A Mouse Model That Reproduces the Developmental Pathways and Site Specificity of the Cancers Associated With the Human BRCA1 Mutation Carrier State

• Mouse model reproducing both, cell-autonomous and cell-nonautonomous mechanisms of cancer risk in BRCA1 mutation carriers.
• The Müllerian and mesonephric ducts are embryologically linked, possibly accounting for Müllerian clear cell carcinomas.
• Foci of endosalpingiosis are at increased risk of cancer in the absence of a functional Brca1.Most individuals with familial predisposition to breast and ovarian cancer carry germline mutations in BRCA1. Cancer predisposition in such carriers is due not only to effects of these mutations in tissues with an elevated cancer risk, but also in organs that control the menstrual cycle, which influences such tissues. The animal model that we developed mimics both mechanisms, which will facilitate our understanding of the contribution of menstrual cycle regulation to risk of these cancers. Our characterization of this model also led to insights into the origin of the serous and clear cell subtypes of ovarian cancer.
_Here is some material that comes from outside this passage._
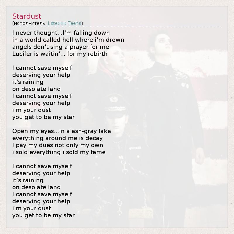 I never thought...I'm falling down in a world called hell where i'm drown angels don't sing a prayer for me Lucifer is waitin'... for my rebirth I cannot save myself deserving your help it's raining on desolate land I cannot save myself deserving your help i'm your dust you get to be my star Open my eyes...In a ash-gray lake everything around me is decay I pay my dues not only my own i sold everything i sold my fame I cannot save myself deserving your help it's raining on desolate land I cannot save myself deserving your help i'm your dust you get to be my star

ABSTRACTPredisposition to breast and extrauterine Müllerian carcinomas in BRCA1 mutation carriers is due to a combination of cell-autonomous consequences of BRCA1 inactivation on cell cycle homeostasis superimposed on cell-nonautonomous hormonal factors magnified by the effects of BRCA1 mutations on hormonal changes associated with the menstrual cycle. We used the Müllerian inhibiting substance type 2 receptor (Mis2r) promoter and a truncated form of the Follicle stimulating hormone receptor (Fshr) promoter to introduce conditional knockouts of Brca1 and p53 not only in mouse mammary and Müllerian epithelia, but also in organs that control the estrous cycle. Sixty percent of the double mutant mice developed invasive Müllerian and mammary carcinomas. Mice carrying heterozygous mutations in Brca1 and p53 also developed invasive tumors, albeit at a lesser (30%) rate, in which the wild type alleles were no longer present due to loss of heterozygosity. While mice carrying heterozygous mutations in both genes developed mammary tumors, none of the mice carrying only a heterozygous p53 mutation developed such tumors (P < 0.0001), attesting to a role for Brca1 mutations in tumor development. This mouse model is attractive to investigate cell-nonautonomous mechanisms associated with cancer predisposition in BRCA1 mutation carriers and to investigate the merit of chemo-preventive drugs targeting such mechanisms.